In the copy, leave out the pictures and repeat all records exactly.

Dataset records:
####################

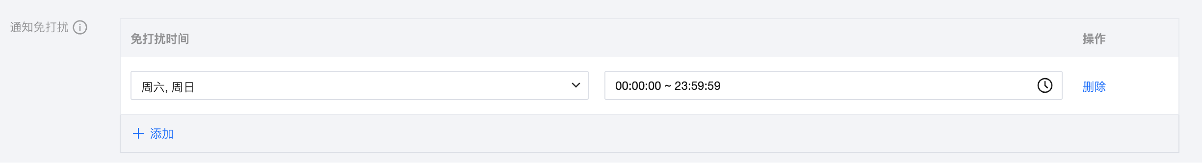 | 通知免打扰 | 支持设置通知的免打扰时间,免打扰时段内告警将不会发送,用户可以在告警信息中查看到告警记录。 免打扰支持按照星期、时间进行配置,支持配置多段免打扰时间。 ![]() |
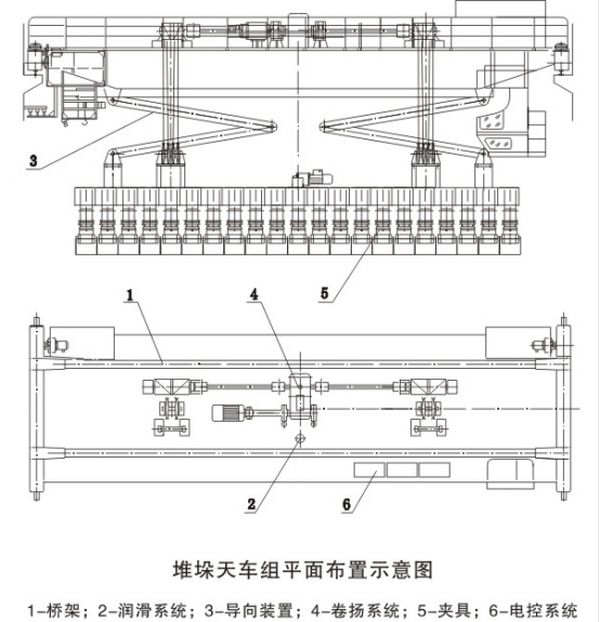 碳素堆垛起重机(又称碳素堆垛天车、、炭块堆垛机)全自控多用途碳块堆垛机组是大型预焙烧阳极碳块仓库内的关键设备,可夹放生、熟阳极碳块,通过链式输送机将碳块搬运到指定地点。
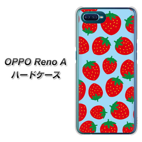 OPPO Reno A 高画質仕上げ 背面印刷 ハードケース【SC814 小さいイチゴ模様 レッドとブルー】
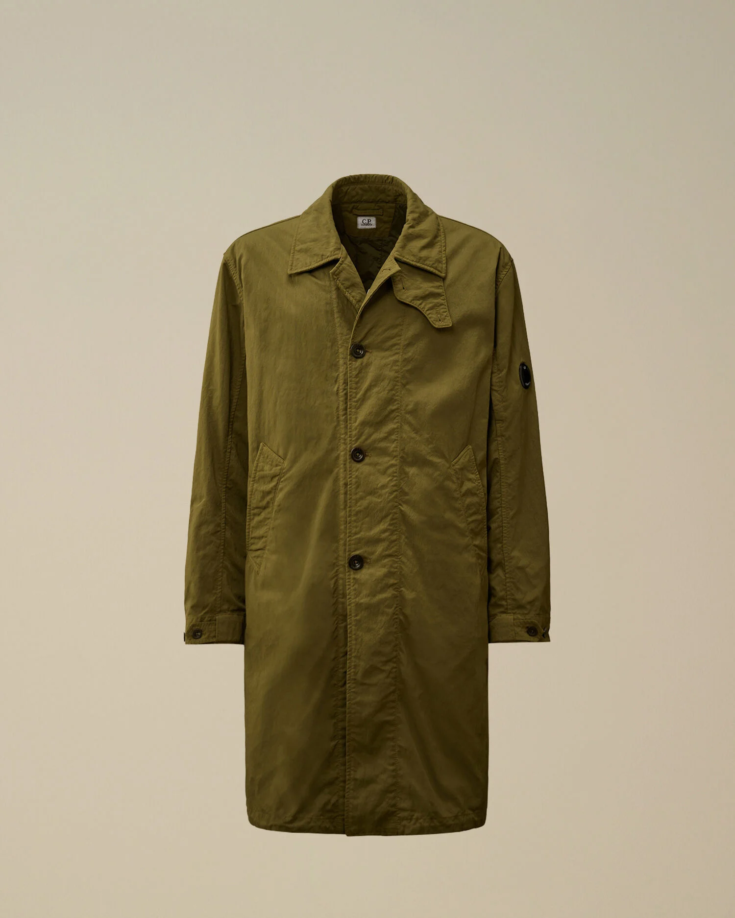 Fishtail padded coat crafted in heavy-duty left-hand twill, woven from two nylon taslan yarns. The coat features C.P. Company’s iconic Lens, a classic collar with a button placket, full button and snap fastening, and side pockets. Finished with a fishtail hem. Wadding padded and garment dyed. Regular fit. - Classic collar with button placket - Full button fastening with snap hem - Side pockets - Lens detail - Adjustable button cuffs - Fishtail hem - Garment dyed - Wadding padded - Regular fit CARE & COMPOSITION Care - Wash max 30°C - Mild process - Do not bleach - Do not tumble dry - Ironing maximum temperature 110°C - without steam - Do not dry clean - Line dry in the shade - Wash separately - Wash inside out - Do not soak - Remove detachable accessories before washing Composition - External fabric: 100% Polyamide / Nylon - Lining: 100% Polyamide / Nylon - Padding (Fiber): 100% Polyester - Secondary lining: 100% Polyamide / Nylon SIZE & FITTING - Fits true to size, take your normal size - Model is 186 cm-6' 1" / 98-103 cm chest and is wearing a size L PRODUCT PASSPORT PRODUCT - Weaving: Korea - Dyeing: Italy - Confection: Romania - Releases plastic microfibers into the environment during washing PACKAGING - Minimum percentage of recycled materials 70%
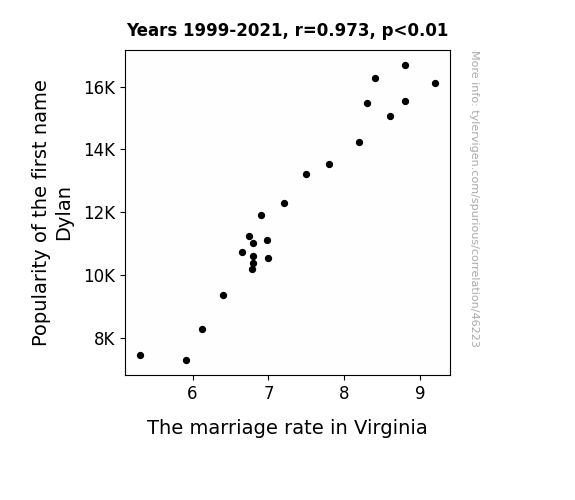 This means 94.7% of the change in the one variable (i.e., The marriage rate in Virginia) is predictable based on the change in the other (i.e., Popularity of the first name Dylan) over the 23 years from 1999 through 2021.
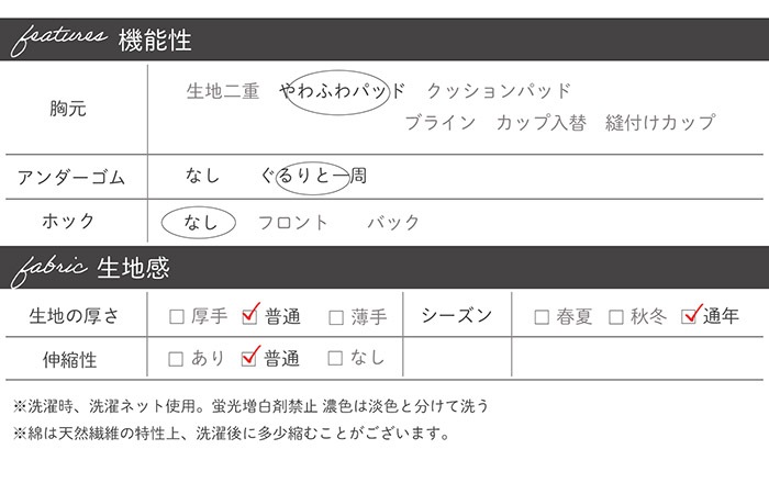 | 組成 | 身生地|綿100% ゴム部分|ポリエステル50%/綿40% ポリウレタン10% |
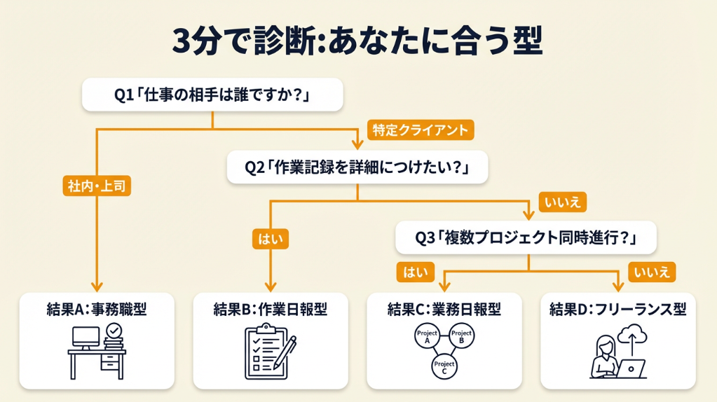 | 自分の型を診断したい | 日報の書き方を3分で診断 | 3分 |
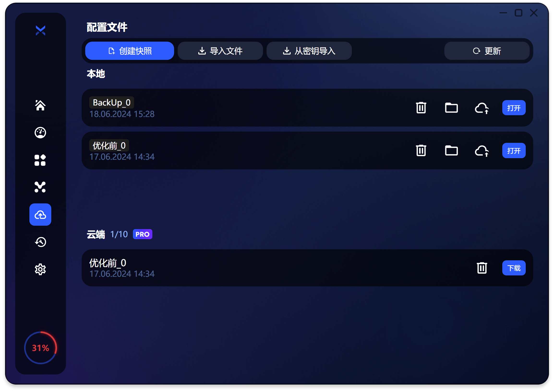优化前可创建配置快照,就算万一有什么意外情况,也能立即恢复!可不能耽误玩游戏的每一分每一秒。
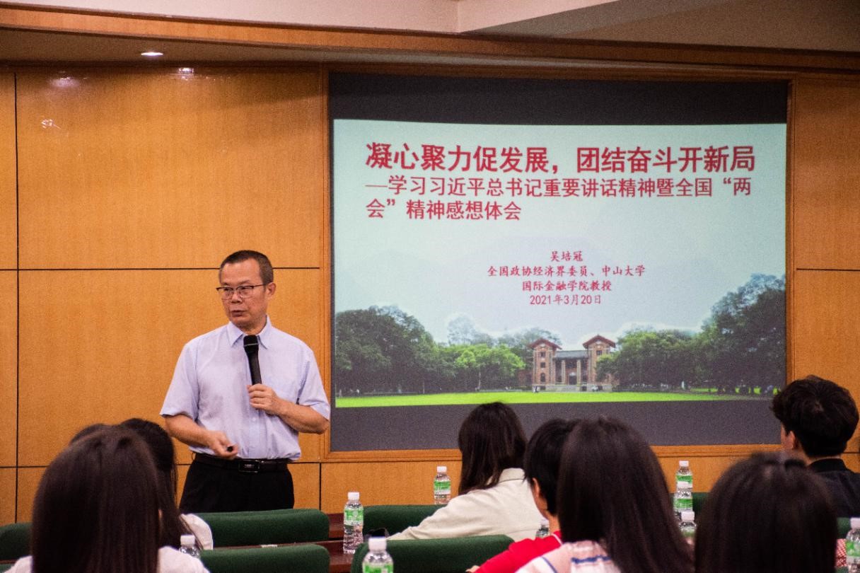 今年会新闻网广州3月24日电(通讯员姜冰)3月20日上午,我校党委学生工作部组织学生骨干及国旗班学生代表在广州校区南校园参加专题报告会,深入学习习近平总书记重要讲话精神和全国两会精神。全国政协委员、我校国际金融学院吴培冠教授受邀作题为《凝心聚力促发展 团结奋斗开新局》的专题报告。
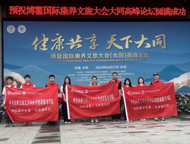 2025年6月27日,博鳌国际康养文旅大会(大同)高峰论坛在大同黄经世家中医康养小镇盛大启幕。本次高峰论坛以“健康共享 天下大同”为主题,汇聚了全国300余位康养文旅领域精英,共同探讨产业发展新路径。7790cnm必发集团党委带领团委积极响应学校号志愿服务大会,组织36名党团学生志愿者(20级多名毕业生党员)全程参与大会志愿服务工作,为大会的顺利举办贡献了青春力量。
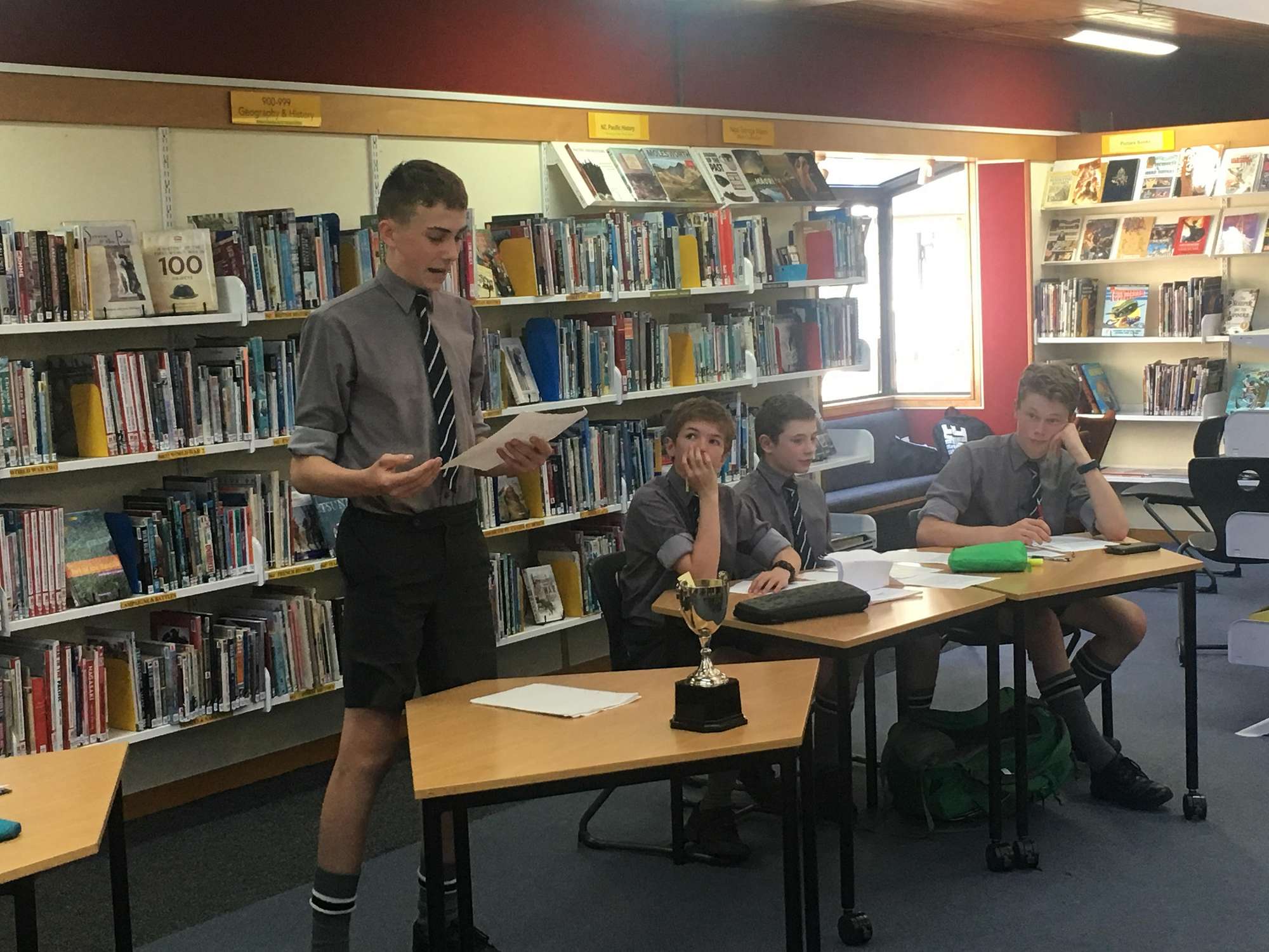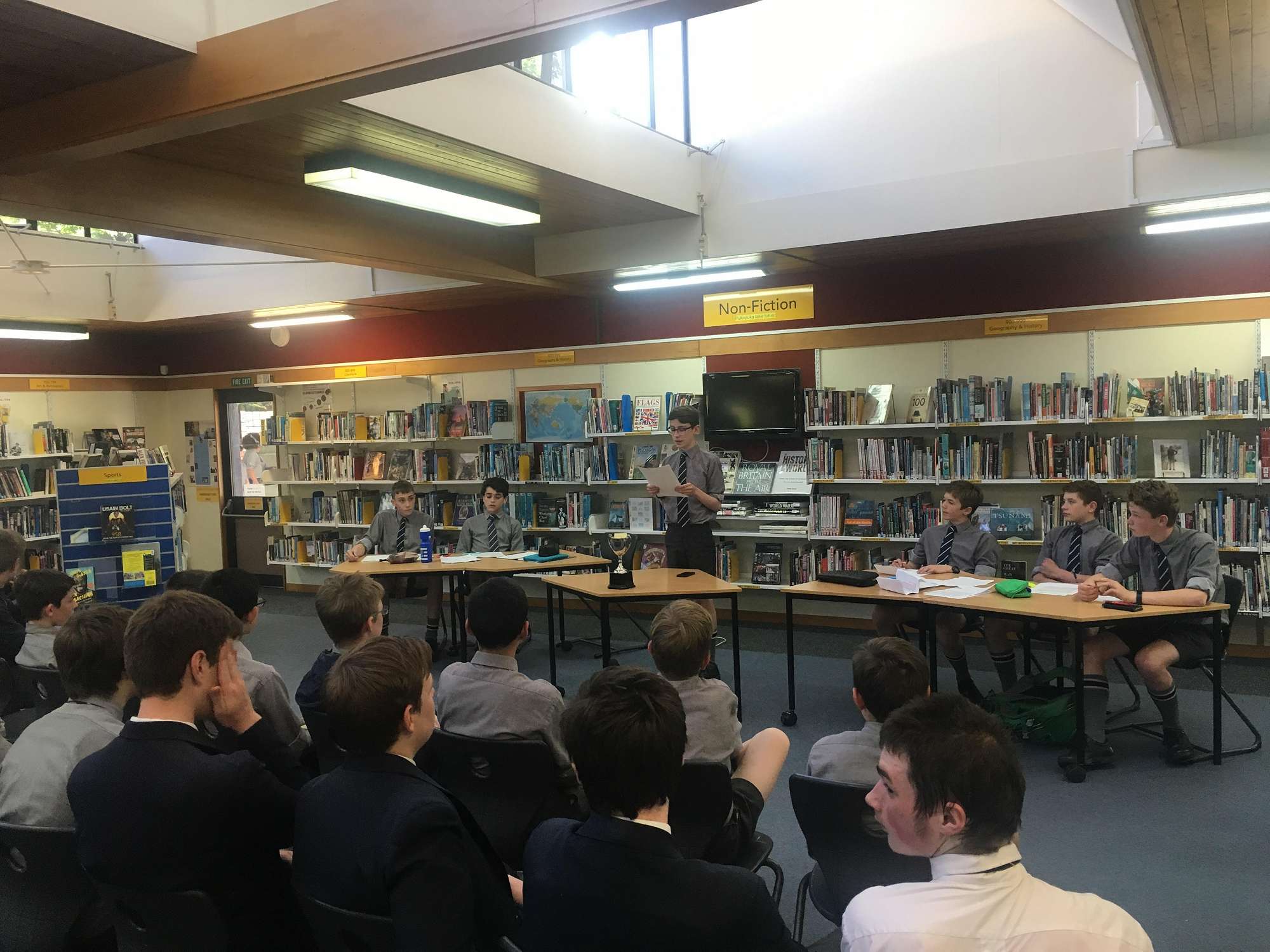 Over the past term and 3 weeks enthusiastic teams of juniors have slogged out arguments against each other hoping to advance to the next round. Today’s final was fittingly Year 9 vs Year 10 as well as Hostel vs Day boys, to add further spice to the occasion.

####################

Output
 | 通知免打扰 | 支持设置通知的免打扰时间,免打扰时段内告警将不会发送,用户可以在告警信息中查看到告警记录。 免打扰支持按照星期、时间进行配置,支持配置多段免打扰时间。 ![]() |
 碳素堆垛起重机(又称碳素堆垛天车、、炭块堆垛机)全自控多用途碳块堆垛机组是大型预焙烧阳极碳块仓库内的关键设备,可夹放生、熟阳极碳块,通过链式输送机将碳块搬运到指定地点。
 OPPO Reno A 高画質仕上げ 背面印刷 ハードケース【SC814 小さいイチゴ模様 レッドとブルー】
 Fishtail padded coat crafted in heavy-duty left-hand twill, woven from two nylon taslan yarns. The coat features C.P. Company’s iconic Lens, a classic collar with a button placket, full button and snap fastening, and side pockets. Finished with a fishtail hem. Wadding padded and garment dyed. Regular fit. - Classic collar with button placket - Full button fastening with snap hem - Side pockets - Lens detail - Adjustable button cuffs - Fishtail hem - Garment dyed - Wadding padded - Regular fit CARE & COMPOSITION Care - Wash max 30°C - Mild process - Do not bleach - Do not tumble dry - Ironing maximum temperature 110°C - without steam - Do not dry clean - Line dry in the shade - Wash separately - Wash inside out - Do not soak - Remove detachable accessories before washing Composition - External fabric: 100% Polyamide / Nylon - Lining: 100% Polyamide / Nylon - Padding (Fiber): 100% Polyester - Secondary lining: 100% Polyamide / Nylon SIZE & FITTING - Fits true to size, take your normal size - Model is 186 cm-6' 1" / 98-103 cm chest and is wearing a size L PRODUCT PASSPORT PRODUCT - Weaving: Korea - Dyeing: Italy - Confection: Romania - Releases plastic microfibers into the environment during washing PACKAGING - Minimum percentage of recycled materials 70%
 This means 94.7% of the change in the one variable (i.e., The marriage rate in Virginia) is predictable based on the change in the other (i.e., Popularity of the first name Dylan) over the 23 years from 1999 through 2021.
 | 組成 | 身生地|綿100% ゴム部分|ポリエステル50%/綿40% ポリウレタン10% |
 | 自分の型を診断したい | 日報の書き方を3分で診断 | 3分 |
优化前可创建配置快照,就算万一有什么意外情况,也能立即恢复!可不能耽误玩游戏的每一分每一秒。
 今年会新闻网广州3月24日电(通讯员姜冰)3月20日上午,我校党委学生工作部组织学生骨干及国旗班学生代表在广州校区南校园参加专题报告会,深入学习习近平总书记重要讲话精神和全国两会精神。全国政协委员、我校国际金融学院吴培冠教授受邀作题为《凝心聚力促发展 团结奋斗开新局》的专题报告。
 2025年6月27日,博鳌国际康养文旅大会(大同)高峰论坛在大同黄经世家中医康养小镇盛大启幕。本次高峰论坛以“健康共享 天下大同”为主题,汇聚了全国300余位康养文旅领域精英,共同探讨产业发展新路径。7790cnm必发集团党委带领团委积极响应学校号志愿服务大会,组织36名党团学生志愿者(20级多名毕业生党员)全程参与大会志愿服务工作,为大会的顺利举办贡献了青春力量。
 Over the past term and 3 weeks enthusiastic teams of juniors have slogged out arguments against each other hoping to advance to the next round. Today’s final was fittingly Year 9 vs Year 10 as well as Hostel vs Day boys, to add further spice to the occasion.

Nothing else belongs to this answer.